순방향 과정(Forward Process): 데이터에 점진적으로 가우시안 노이즈(Gaussian noise)를 추가하여 순수 노이즈로 변환
역방향 과정(Reverse Process): 노이즈로부터 원래 데이터를 복원하는 과정을 신경망으로 학습

비유하자면, 잉크를 물에 떨어뜨리면 점차 확산(diffusion)되어 균일한 색이 된다. 역방향 과정은 이 균일한 색의 물에서 원래 잉크 방울의 위치를 복원하는 것과 같다.
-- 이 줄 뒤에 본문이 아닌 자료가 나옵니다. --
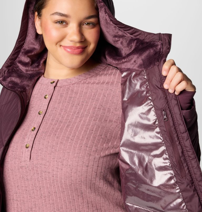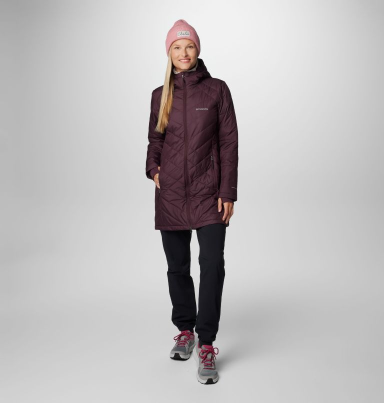 Columbia women s heavenly long cheap hooded jacket dark plum Very well made.

1.1 순방향 과정 (Forward Diffusion Process)

원본 데이터 x₀에서 시작하여 T 스텝에 걸쳐 점진적으로 가우시안 노이즈를 추가하는 마르코프 체인(Markov chain)이다.

각 스텝에서의 노이즈 추가:

q(xₜ | xₜ₋₁) = N(xₜ; √(1 - βₜ) · xₜ₋₁, βₜ · I)

여기서:

βₜ : 타임스텝 t에서의 노이즈 스케줄(noise schedule), 0 < β₁ < β₂ < … < βT < 1
N(μ, σ²I) : 평균 μ, 분산 σ²I인 가우시안 분포
I : 단위 행렬

전체 순방향 과정을 한 번에 표현하면 (reparameterization trick):

αₜ = 1 - βₜ
ᾱₜ = α₁ · α₂ · ... · αₜ  (cumulative product)
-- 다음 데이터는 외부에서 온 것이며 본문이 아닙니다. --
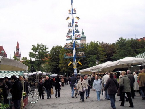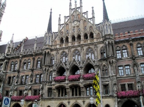 The following morning I took one of the two Hop-On Hop-Off tours to discover Munich from a double-decker bus. My hour-long tour, the Express Circle, showed the highlights of the city, starting off at the Hauptbahnhof (Main Train Station). We passed by the Pinakotheken (Painting Galleries) and stopped at Max-Joseph-Platz to view the National Theater built by King Max Joseph. The façade of the theater is adorned with a Pegasus mosaic, which symbolizes art and literature; a statue of the King sits in front. Passing through the exclusive shopping street, Maximillian Strasse, we continued on to the Marienplatz, a cobble stoned square closed to traffic and the center of the city's social life.

q(xₜ | x₀) = N(xₜ; √ᾱₜ · x₀, (1 - ᾱₜ) · I)

이를 통해 임의의 타임스텝 t에서의 노이즈 데이터를 직접 샘플링할 수 있다:

xₜ = √ᾱₜ · x₀ + √(1 - ᾱₜ) · ε,  ε ~ N(0, I)

이것이 매우 중요한 성질이다. 학습 시 순차적으로 노이즈를 추가할 필요 없이, 원본 데이터 x₀로부터 어떤 타임스텝의 노이즈 버전이든 한 번에 얻을 수 있다.
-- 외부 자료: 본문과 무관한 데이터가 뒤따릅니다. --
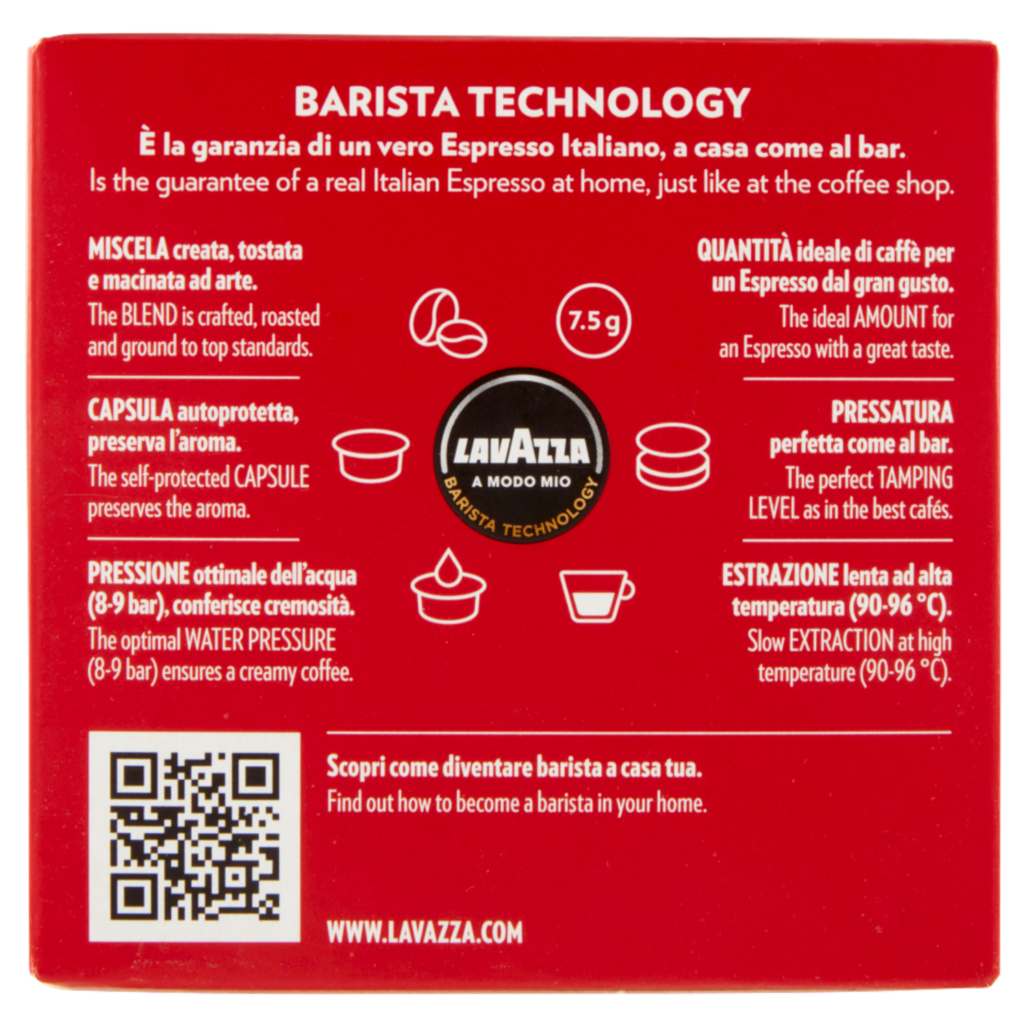 Barista technology È la garanzia di un vero Espresso Italiano, a casa come al bar. Miscela creata, tostata e macinata ad arte. Capsula autoprotetta, preserva l'aroma. Pressione ottimale dell'acqua (8-9 bar), conferisce cremosità. Quantità ideale di caffè per un Espresso dal gran gusto. Pressatura perfetta come al bar. Estrazione lenta ad alta temperatura (90-96 °C). Scopri come diventare barista a casa tua. www.lavazza.com

1.2 노이즈 스케줄 (Noise Schedule)

βₜ의 설계는 모델 성능에 큰 영향을 미친다. 대표적인 스케줄:

Linear Schedule (Ho et al., 2020):

βₜ = β₁ + (β_T - β₁) · (t - 1) / (T - 1)
β₁ = 0.0001, β_T = 0.02, T = 1000

Cosine Schedule (Nichol & Dhariwal, 2021):

ᾱₜ = f(t) / f(0),  f(t) = cos((t/T + s) / (1 + s) · π/2)²

Cosine schedule은 linear schedule에 비해 초반 스텝에서 정보를 더 오래 보존하여 학습 효율이 높다. 오믹스 데이터는 sparse한 특성이 있어, cosine schedule이 더 적합한 경우가 많다.

1.3 역방향 과정 (Reverse Process)

역방향 과정은 순수 노이즈 x_T ~ N(0, I)에서 시작하여 원본 데이터 x₀를 복원한다:

pθ(xₜ₋₁ | xₜ) = N(xₜ₋₁; μθ(xₜ, t), Σθ(xₜ, t))

신경망 εθ가 각 타임스텝에서 추가된 노이즈를 예측하도록 학습된다. 예측된 노이즈로부터 평균 μθ를 계산:

μθ(xₜ, t) = 1/√αₜ · (xₜ - βₜ/√(1 - ᾱₜ) · εθ(xₜ, t))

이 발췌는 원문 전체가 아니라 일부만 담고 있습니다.